Ternate, Investigasi.news – Hanya dalam waktu sekitar delapan jam sejak peristiwa berdarah yang merenggut nyawa Suwardi Gani, aparat gabungan Polres Ternate berhasil membekuk terduga pelaku pembunuhan yang mencoba melarikan diri dari Kota Ternate melalui jalur laut.
Pelarian terduga pelaku berinisial DA, warga Kabupaten Bolaang Mongondow, Sulawesi Utara, berakhir di atas kapal tujuan Ternate–Bacan yang hendak bertolak dari Pelabuhan Bastiong, Rabu (3/6/2026) dini hari.

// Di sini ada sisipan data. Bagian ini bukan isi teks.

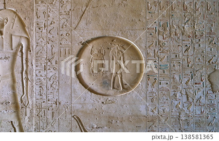 円形レリーフが刻まれた、王家の谷KV15セト2世墓の壁面

Penangkapan dramatis tersebut dilakukan sekitar pukul 03.30 WIT oleh tim gabungan yang terdiri dari Unit Opsnal Polsek Ternate Utara, Unit Reskrim Polsek Ternate Selatan, dan Unit Resmob Polres Ternate.
Operasi pengejaran dipimpin langsung oleh KBO Satreskrim Polres Ternate, IPDA Soedharmono, bersama Panit Reskrim Polsek Ternate Utara, IPDA M. Soleh.
Kasat Reskrim Polres Ternate AKP Bakri Syahruddin, S.H., melalui Kasi Humas Polres Ternate IPDA Sudirjo, S.I.P., menjelaskan bahwa setelah menerima laporan peristiwa pembunuhan yang menewaskan Suwardi Gani di RT 09/RW 05, Kelurahan Tafure, Kecamatan Ternate Utara, aparat langsung bergerak melakukan pengejaran intensif.
Tak ingin kehilangan jejak, tim gabungan sejak Selasa malam sekitar pukul 23.00 WIT menyisir sejumlah penginapan di kawasan pelabuhan. Polisi menduga pelaku berupaya kabur meninggalkan Ternate untuk menghindari jeratan hukum.
Namun, upaya persembunyian itu tak bertahan lama.
Berbekal informasi yang dikumpulkan di lapangan, polisi mengendus rencana pelarian pelaku melalui Pelabuhan Bastiong. Kecurigaan itu menguat setelah diketahui DA memiliki keterkaitan pekerjaan di wilayah Bacan.
Saat melakukan pemeriksaan terhadap kapal yang akan berlayar menuju Bacan, petugas menemukan DA bersembunyi di dek dua kapal. Ia tampak berbaring di tempat tidur penumpang, berusaha menghilangkan jejak dan mengelabui petugas.
Ketika mengetahui keberadaan polisi, DA disebut berusaha kabur. Namun, aparat yang telah mengepung lokasi bergerak cepat melakukan pengejaran.
Aksi kejar-kejaran pun tak terhindarkan.
Dalam proses penangkapan, DA diduga melakukan perlawanan sehingga petugas terpaksa mengambil tindakan tegas dan terukur sesuai prosedur kepolisian.
Pelaku akhirnya berhasil dilumpuhkan dan diamankan sebelum sempat meninggalkan wilayah Ternate.
Setelah ditangkap, DA dibawa ke Rumah Sakit Bhayangkara untuk mendapatkan penanganan medis sebelum selanjutnya digelandang ke Mapolres Ternate guna menjalani pemeriksaan dan proses penyidikan lebih lanjut.
Keberhasilan mengungkap kasus dalam hitungan jam ini menjadi bukti kesigapan aparat dalam memburu pelaku kejahatan berat. Kini penyidik masih mendalami motif di balik aksi yang menewaskan Suwardi Gani serta mengumpulkan alat bukti untuk menuntaskan proses hukum terhadap terduga pelaku.